3

I am doing my university project on python. I am new to python. I have been given the below project

Build a classifier that predicts whether a restaurant review is positive or negative, based only on the text. Use reviews from TripAdvisor. Winning team gets a bonus.

Now in this project i have extracted the data from Tripadvisor but can someone please help me on how do it classify them ? i did not understand much in class so can someone please tell me a good video tutorial where i can learn this classification

Thanks in advance Rob

  • You will probably need to use [NTLK Sentiment Analysis package](http://text-processing.com/demo/sentiment/). In particular, read [the first linked article](http://streamhacker.com/2010/05/10/text-classification-sentiment-analysis-naive-bayes-classifier/), as it explains the process step by step.
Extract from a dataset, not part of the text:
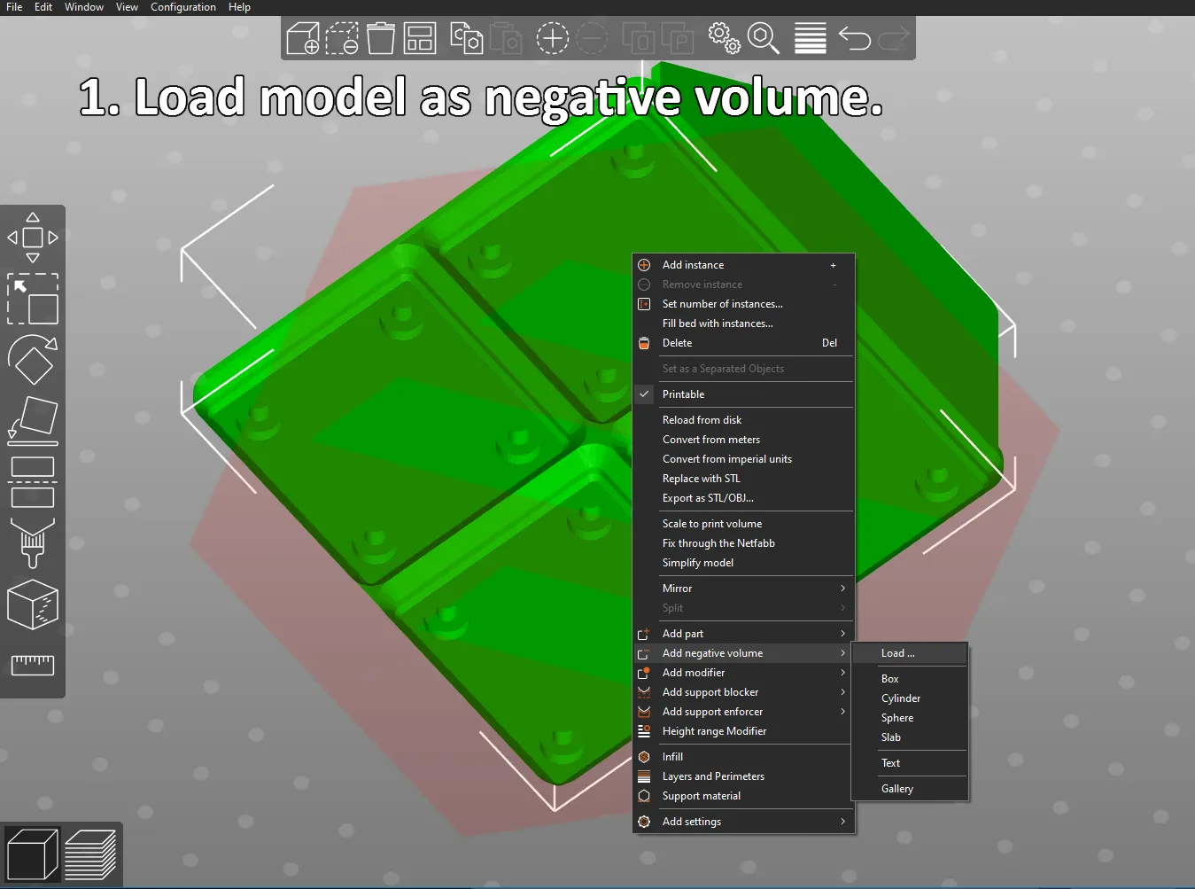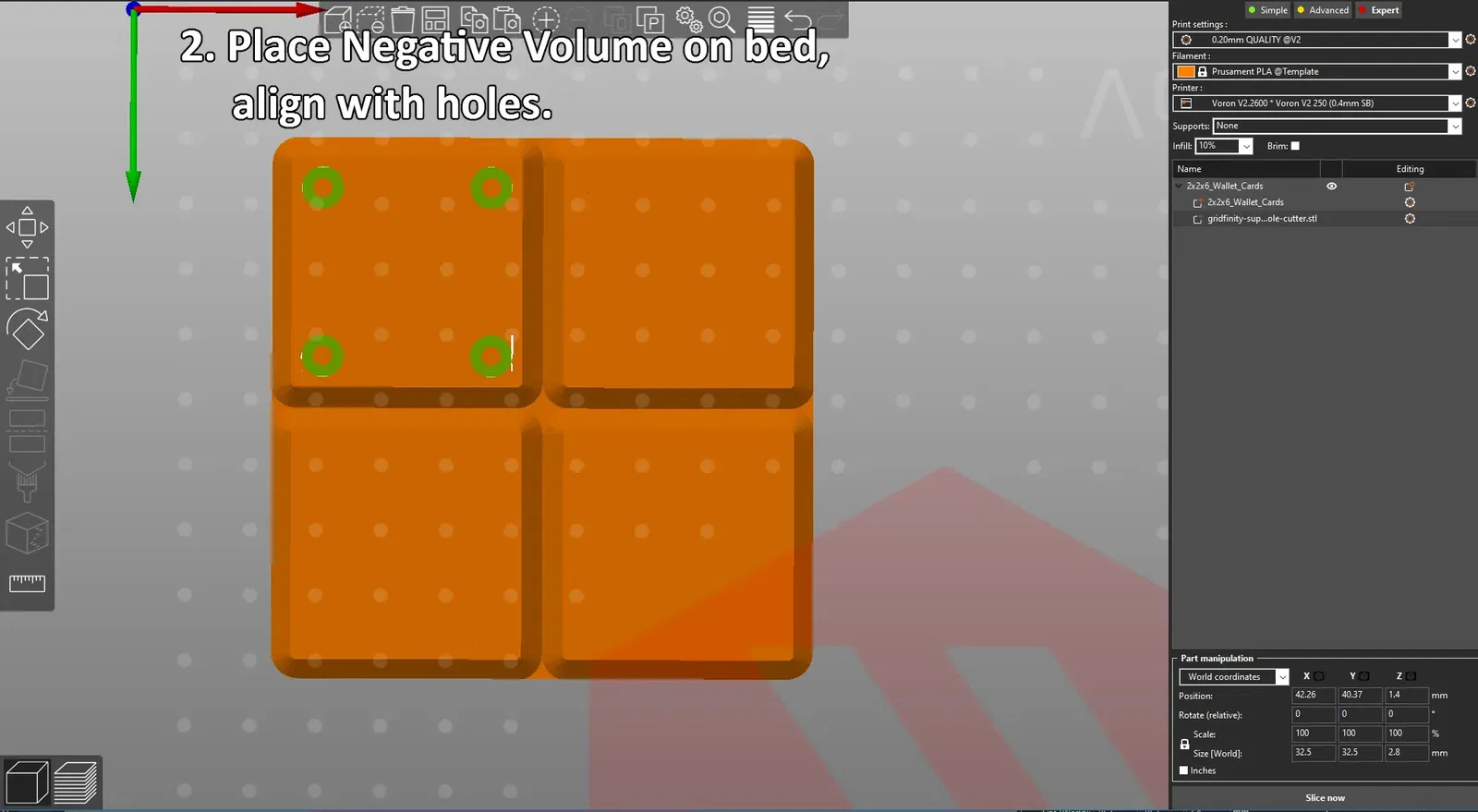 - LƯU Ý: Một số bộ phận Gridfinity có lỗ nam châm được đặt sâu hơn một chút so với mô hình tiêu chuẩn. Nâng thể tích âm lên một chiều cao lớp và thử lại, lặp lại cho đến khi nó hoạt động.

If you still don't understand the theory after that, you should probably talk to your teacher. If you get stuck on the implementation, come back here with a specific question. As it stands, the question will be closed either for asking for recommendations or for being too broad. – Amadan Oct 16 '14 at 00:46
  • related: [Sentiment analysis for Twitter in Python](http://stackoverflow.com/q/573768/4279) – jfs Oct 16 '14 at 02:08
  • related: [Twitter sentiment analysis technics](http://stackoverflow.com/q/13713817/4279) – jfs Oct 16 '14 at 02:09

1 Answers1

2

I see the following step

  1. Fetch data from TripAdvisor
  2. Analyse data and extract name of restaurant and run NLTK Naive Bayes Classification on the test reviews.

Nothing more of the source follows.